Katja Gloger beschäftigt sich seit über 30 Jahren mit Russland, studierte Russische Geschichte, Politik und Slawistik in Hamburg und Moskau und ging Anfang der neunziger Jahre als Korrespondentin für das Magazin «Stern» nach Moskau. Sie erlebte dort den Zusammenbruch der Sowjetunion, interviewte Michail Gorbatschow, Boris Jelzin und Wladimir Putin.
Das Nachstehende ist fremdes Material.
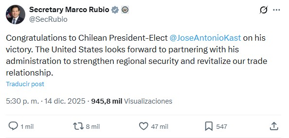 Desde Estados Unidos, el secretario de Estado Marco Rubio felicitó al presidente electo y señaló que su país espera fortalecer la seguridad regional y revitalizar la relación comercial con Chile.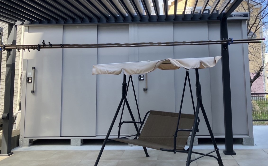 家や庭の周りを住宅やマンションに囲まれているS様邸。フェンスや物置で周囲の視線をうまくカットしながら、全天候で活用できる独立タイプの屋根を設置し、一年じゅう快適に憩える空間にリガーデンしました。庭に加えて、門扉の取り替えやサイクルポートの設置などで住空間全体が便利でお洒落に。使いやすく快適なエクステリアに生まれ変わりました。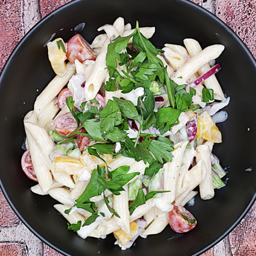 - 2-1/2 cups low-carb penne pasta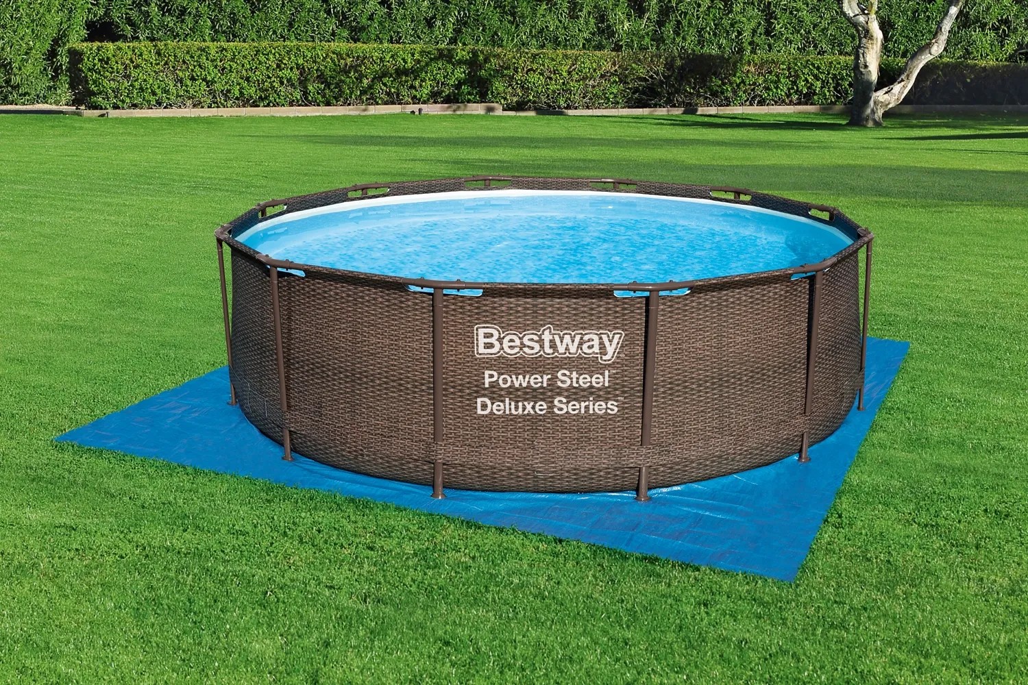 Podložky pod bazény Bestway sú vyrobené z kvalitného PE materiálu - robustného polyetylénu, ktorý je nielen pevný, ale aj vysoko odolný. Má modrú farbu. PE podložka ponúka spoľahlivú ochranu bazéna proti prepichnutiu, poškriabaniu a ďalšiemu inému poškodeniu, čo predlžuje životnosť vášho bazéna, ale tiež chráni trávnik pred nevzhľadnými škvrnami od chlóru.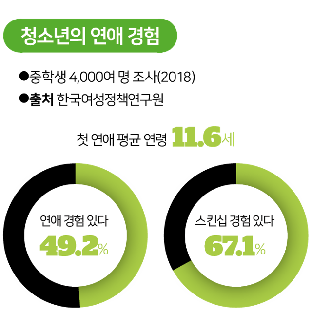 게다가 주위에서 하나둘씩 공개적으로 이성교제를 한다는 이야기를 듣고 나만 모태솔로일까 싶어 더 조바심이 나는 친구들도 있으리라 생각합니다. 이런 시기의 청소년에게 유행에 뒤처지는 일은 용납하기 쉽지 않으니까요. 통계를 어렵게 찾아보니 2018년 조사라서 시의성이 부족하기는 하지만 이성교제 비율이 확실히 높기는 합니다.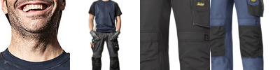 Craftsmen ripstop light weight material holster pocket trousers with reinforced Snickers gusset, twisted leg design for freedom of movement, kneepad pockets, reinforced Cordura on knees, holster pockets & cuffs.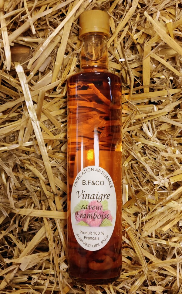 Vinaigre de vin blanc 6°, framboise 5 %, arôme saveur framboise, antioxydant E220.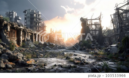 ゲーム背景 滅びた現代社会文明の後の廃墟の世界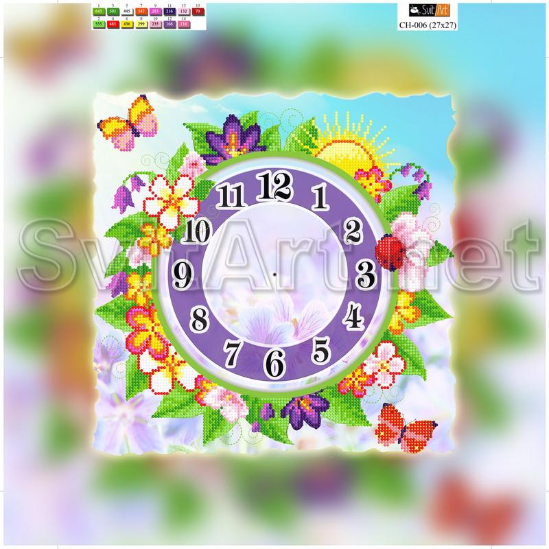 Доп. информация: Магнит для вышивания бисером на холсте "Фиолетовые часы с цветами". Фиолетовые часы на лиловом фоне внутри множества разноцветных цветов и бабочек.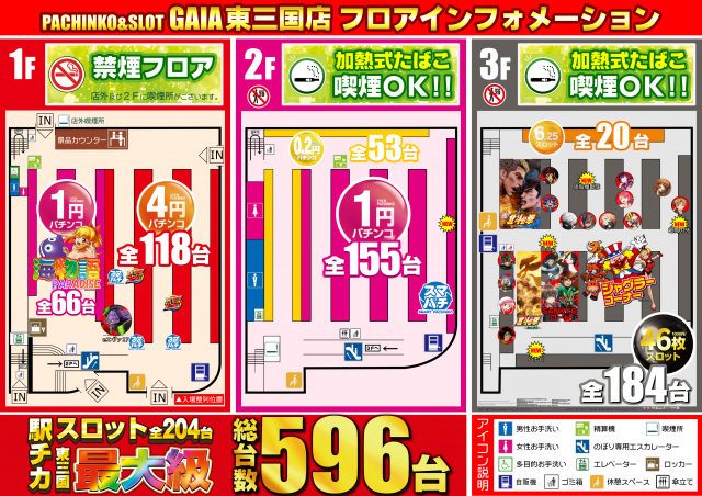 | 稼働台数 | パチンコ392台 / パチスロ204台 |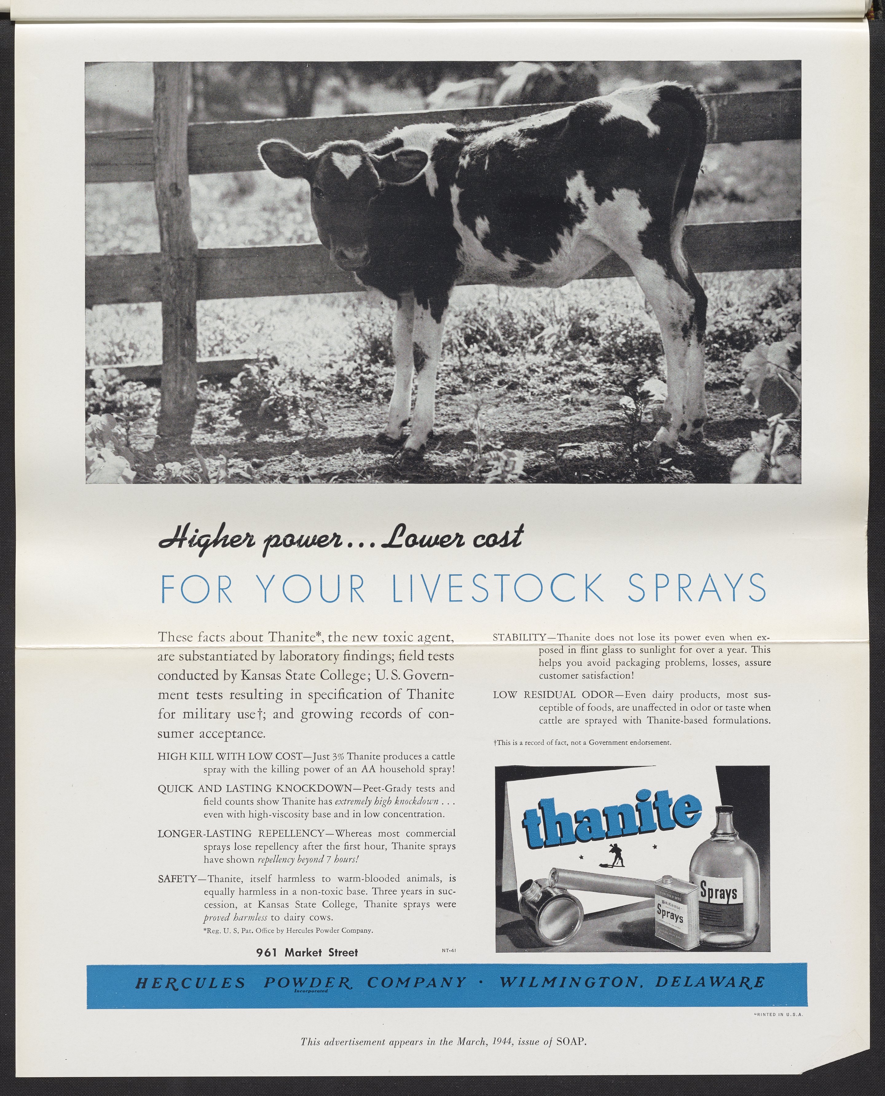 Hercules Incorporated. “Higher Power...Lower Cost for Your Livestock Sprays.” 1944 Hercules Advertisements, 1944. Records of Hercules Incorporated, Volume 1944. Science History Institute. Philadelphia. https://digital.sciencehistory.org/works/cj82k810d.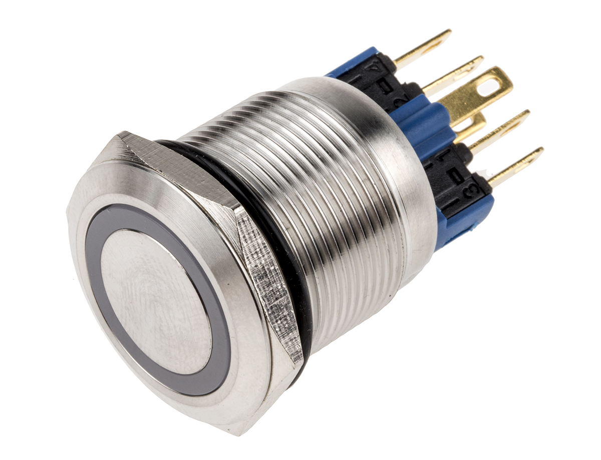 This is SPDT On-On Push Button Switch IP65 IP67 22 (Dia.)mm Panel Mount White LED 250V ac manufactured by RS Pro. The manufacturer part number is 811-8516. Illumination Option yes. The product is available in panel mount configuration. Moreover, the product has a nominal 250v ac voltage rating. The rated contact current is 5 a @ 250 v ac. The panel has a 22mm cut-out diameter. It is IP rated with ip65, ip67. This pushbutton has a round style pushbutton and is easy to use. The LED has an adorable white colour. While it has an adorable silver colour. The product has an assigned av03l-b12-m3-fr-w-230v manufacturer part number. It provides latching switch operation. Its contact AC voltage rating is about 250v . The terminal is a quick connect type. The contact is equipped with spdt configuration. The product is made from sturdy silver alloy materials.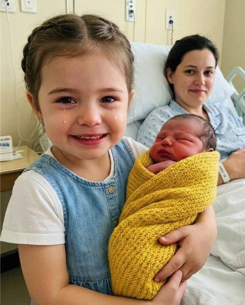 The hospital room was quiet in the fragile way only delivery rooms ever are, heavy with disinfectant and exhaustion and relief all tangled together. My body ached as if I had been taken apart and put back together incorrectly, but none of that mattered when I saw my four-year-old daughter climb carefully onto the bed. Lina looked impossibly small, her legs dangling, her hands shaking as the nurse settled her newborn sister into her lap. I had worried for months about jealousy and fear, about whether my first child would feel replaced. Instead, Lina cradled the baby with a seriousness that felt far older than her years, rocking gently, whispering soft sounds under her breath as if she had rehearsed this moment long before it arrived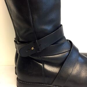 COLE HAAN Black Flat Leather Riding Boots With Ankle Strap 7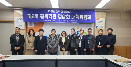 지난 2015년부터 임시이사 체제로 운영 중인 홍복학원에 학교법인을 정상화하고,다양한 의견수렴 및 공론화 논의를 통해 장기적 발전 방향을 모색하기 위하여 2022년 12월 부교육감을 위원장으로 국·과장, 시의원, 법조계·시민단체 등 12명으로 대책위원회를 구성하고, 2023년 2월 상반기 회의 개최 이후 이번이 두 번째다.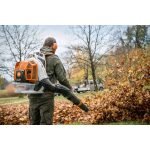 Excellent power to weight ratio makes the BR 800 easy to operate. Thanks to the ergonomic carrying system (S shaped shoulder strap, chest strap and hip belt) it is comfortable to use throughout the day. The strain reducing blower tube makes it easy to handle too. A handy eyelet is located in the backplate which allows you to hang the blower up for storage. Starting the machine is simple and easy to do thanks to the side start pull cord. The blower can be easily restarted when taking a break from work with a firm pull of the cord. And of course it can also be stopped using the switch on the handle so there’s no need to remove the machine if you’re taking a quick break or wanting to move from area to area.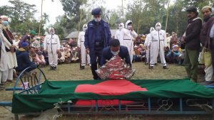 বীর মুক্তিযোদ্ধা মো. আব্দুর রহিমের মরদেহ দাফনের আগে জেলা পুলিশের একটি চৌকস দল গার্ড অব অনার প্রদান করেন। এসময় সহকারী কমিশনার (ভূমি) ও নির্বাহী ম্যাজিস্ট্রেট কাউছার আহাম্মেদ, উপজেলা আওয়ামী লীগের সাধারণ সম্পাদক বীর মুক্তিযোদ্ধা শফিকুল ইসলাম জিন্নাহ, উপজেলা মুক্তিযোদ্ধা সংসদ কমান্ড কাউন্সিলের সাবেক কমান্ডার বীর মুক্তিযোদ্ধা আবুল মনসুর, নকলা থানার তদন্ত কর্মকর্তা আবুল হাসিম, উপজেলা আওয়ামী লীগের সাংগঠনিক সম্পাদক ও উরফা ইউপির চেয়ারম্যান রেজাউল হক হীরা, হালুয়াঘাট উপজেলা আওয়ামী লীগের সাধারণ সম্পাদক ও উপজেলা মুক্তিযোদ্ধা সংসদ কমান্ড কাউন্সিলের সাবেক কমান্ডার, নকলা ও হালুঘাট উপজেলার বেশকিছু মুক্তিযোদ্ধাসহ এলাকার গন্যমান্য ও ধর্মপ্রাণ সাধারণ মুসলিম জনতা উপস্থিত ছিলেন।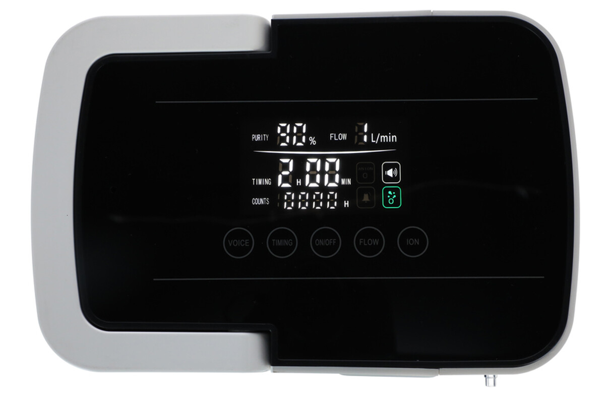 K ovládání kyslíkového koncentrátoru je k dispozici přehledný panel s podsvíceným displejem, kde je zobrazovaný aktuální průtok, koncentrace, uplynulý čas a odpočet provozních hodin. K ještě pohodlnější obsluze poslouži přibalený dálkový ovladač.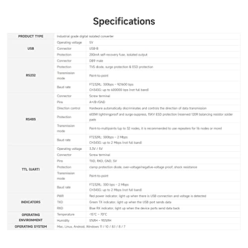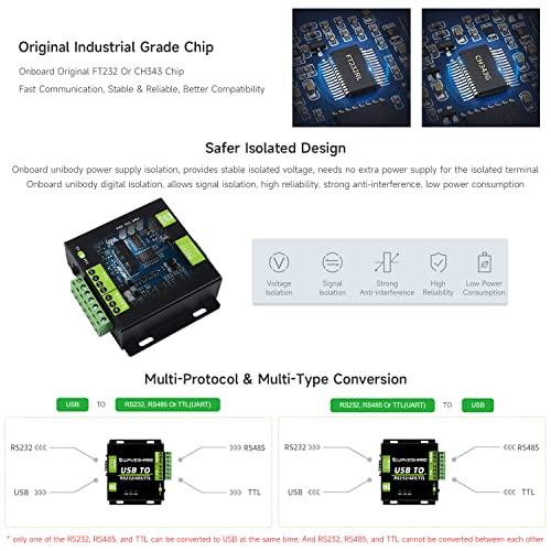 LUCKFOX Industrial Digital Isolated USB Converter, Waveshare USB to RS232/485/TTL, High Speed & Stable Transmission, for Multiple Devices, Compatible with Mac/Linux/Android/Windows 11/10/8.1/8/7
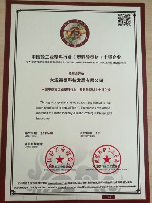 經(jīng)行業(yè)協(xié)會(huì)領(lǐng)導(dǎo)及專家審查,實(shí)德科技公司被評(píng)定為“2018-2019年度中國輕工業(yè)(塑料異型材)十強(qiáng)企業(yè)”。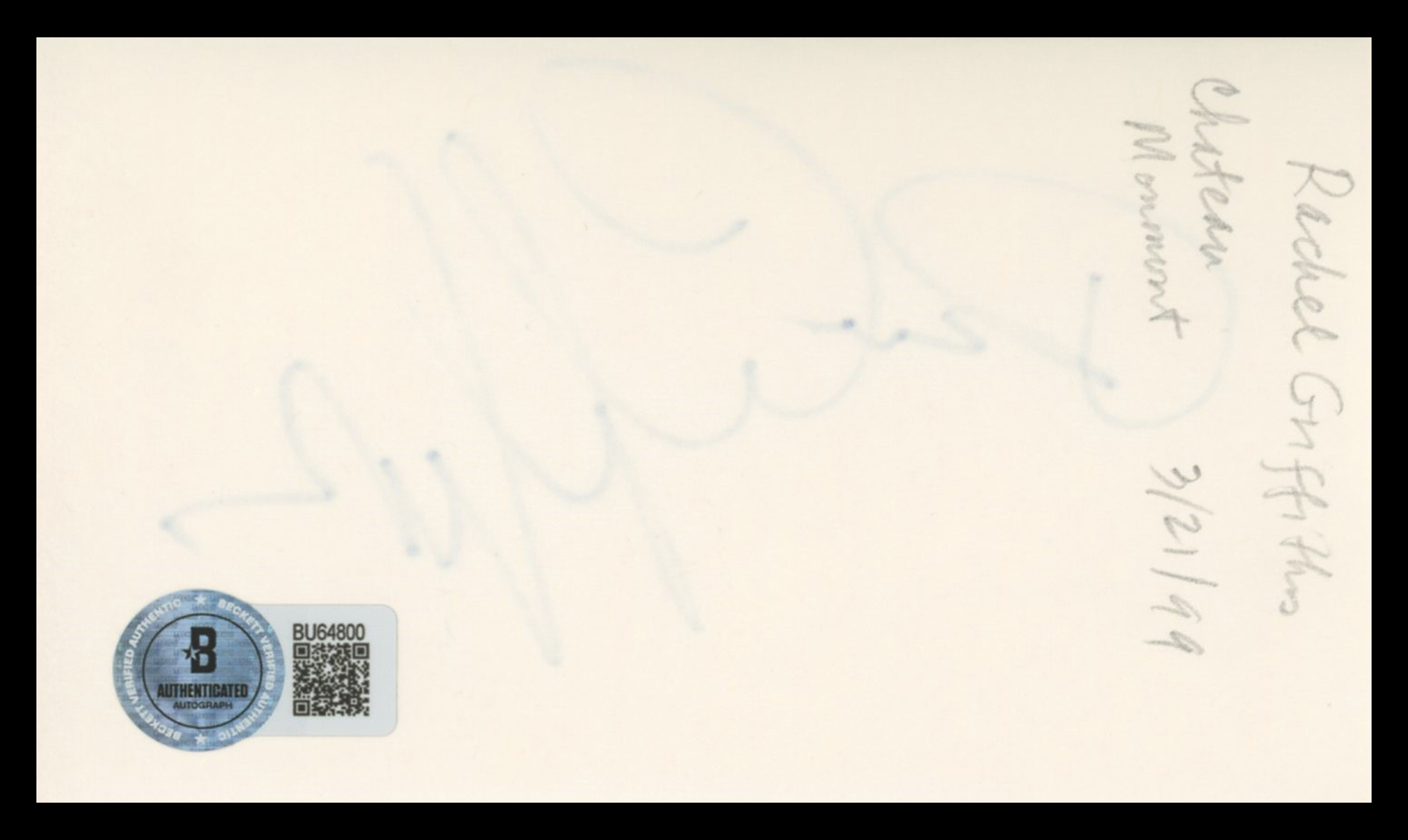 This Autographed 3x5 Index Card has been Personally Signed by Rachel Griffiths of Six Feet Under. This item is 100% Authentic to include a hologram by Beckett Authentication Services. This item will come with an affixed Beckett Authentication Services (BAS) authentication sticker, which includes a scannable QR code to verify authenticity. Please note that Beckett no longer provides serial-numbered COA cards, and the attached BAS sticker will serve as the complete authentication for this item. The authenticity can be verified on Beckett Authentication Services website.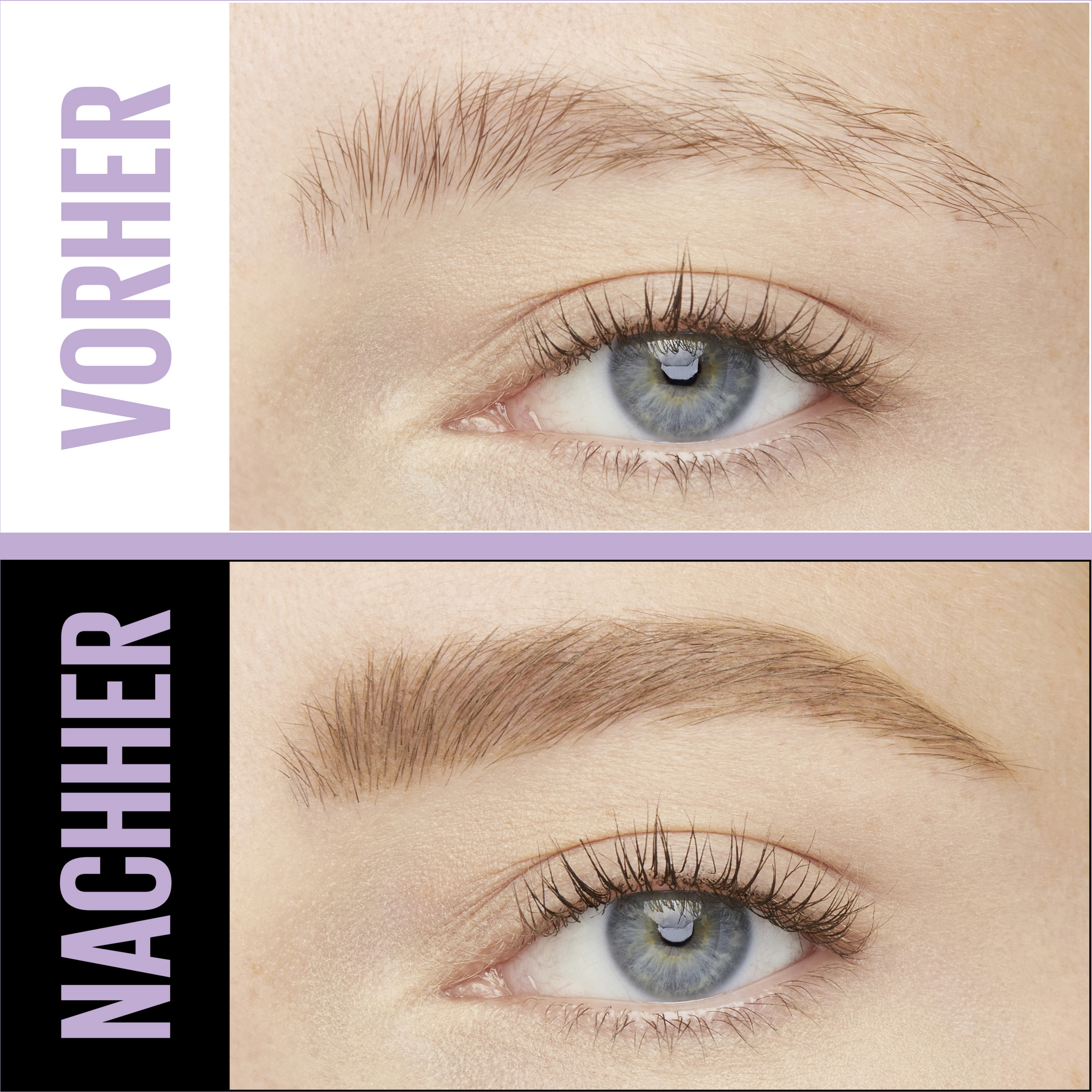 I to trin til naturlige, fyldigere Øjenbryn: Form først dine bryn med penslen fra Express Brow Shaping Pencil. Følg hårets naturlige vækstretning. Tag derefter siden af blyanten og udfyld præcist de små brynhuller med fine linjer.
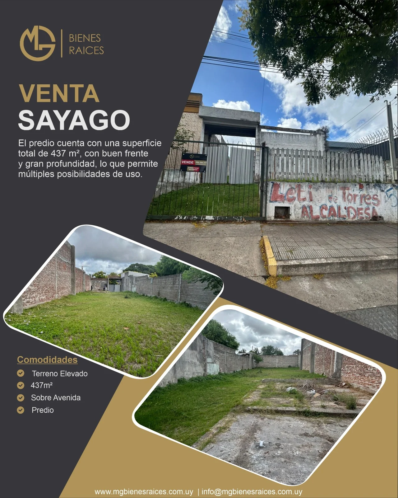 ? Terreno en venta en Sayago – Sobre Av. Garzón ? Excelente oportunidad de inversión en una de las avenidas principales de Sayago. Terreno ubicado sobre Av. Garzón, con muy buena visibilidad y gran flujo de circulación, ideal tanto para proyecto residencial como para desarrollo comercial. El predio cuenta con una superficie total de 437 m², con buen frente y gran profundidad, lo que permite múltiples posibilidades de uso. Se encuentra totalmente cercado con muros laterales, brindando seguridad y delimitación clara del terreno. Al ingresar nos encontramos con un espacio amplio y despejado, con sectores de piso firme y áreas verdes, permitiendo proyectar distintas opciones de construcción, depósito, local comercial o viviendas. Cuenta con portón de acceso al frente, facilitando el ingreso vehicular y haciendo la propiedad muy práctica para uso comercial o logístico. ? Ubicación estratégica sobre Av. Garzón, en una zona con gran circulación, comercios, servicios y excelente locomoción. ✨ Ideal para: ? Proyecto comercial ? Depósito o empresa ? Desarrollo de viviendas ? Inversores Precio USD 90.000 ? Comercializa: MG Bienes Raíces Corredores Oficiales Porto Seguro, Sancor, SURA y Fideciu Afiliados a ADIU y CIU – Equifax Clearing ? Londres 3401A, Montevideo ? *** | *** ? www.mgbienesraices.com.uy ✉️ [email protected]

Seit 2009 arbeitet sie wieder in der Hamburger Redaktion des «Stern» mit den Schwerpunkten Russland, Internationale Politik und Sicherheitspolitik. 2010 bekam sie den Henri-Nannen-Preis, 2014 wurde sie als politische «Journalistin des Jahres» ausgezeichnet.
☛ Russland-Experte und Boris Reitschuster zur russischen Einflussnahme in der Ukraine:
Daniele Ganser schreibt viel über US-amerikanischen Einfluss auf die Ukraine. Einflussnahmen Russlands dagegen werden kleingeredet oder kommen nicht vor.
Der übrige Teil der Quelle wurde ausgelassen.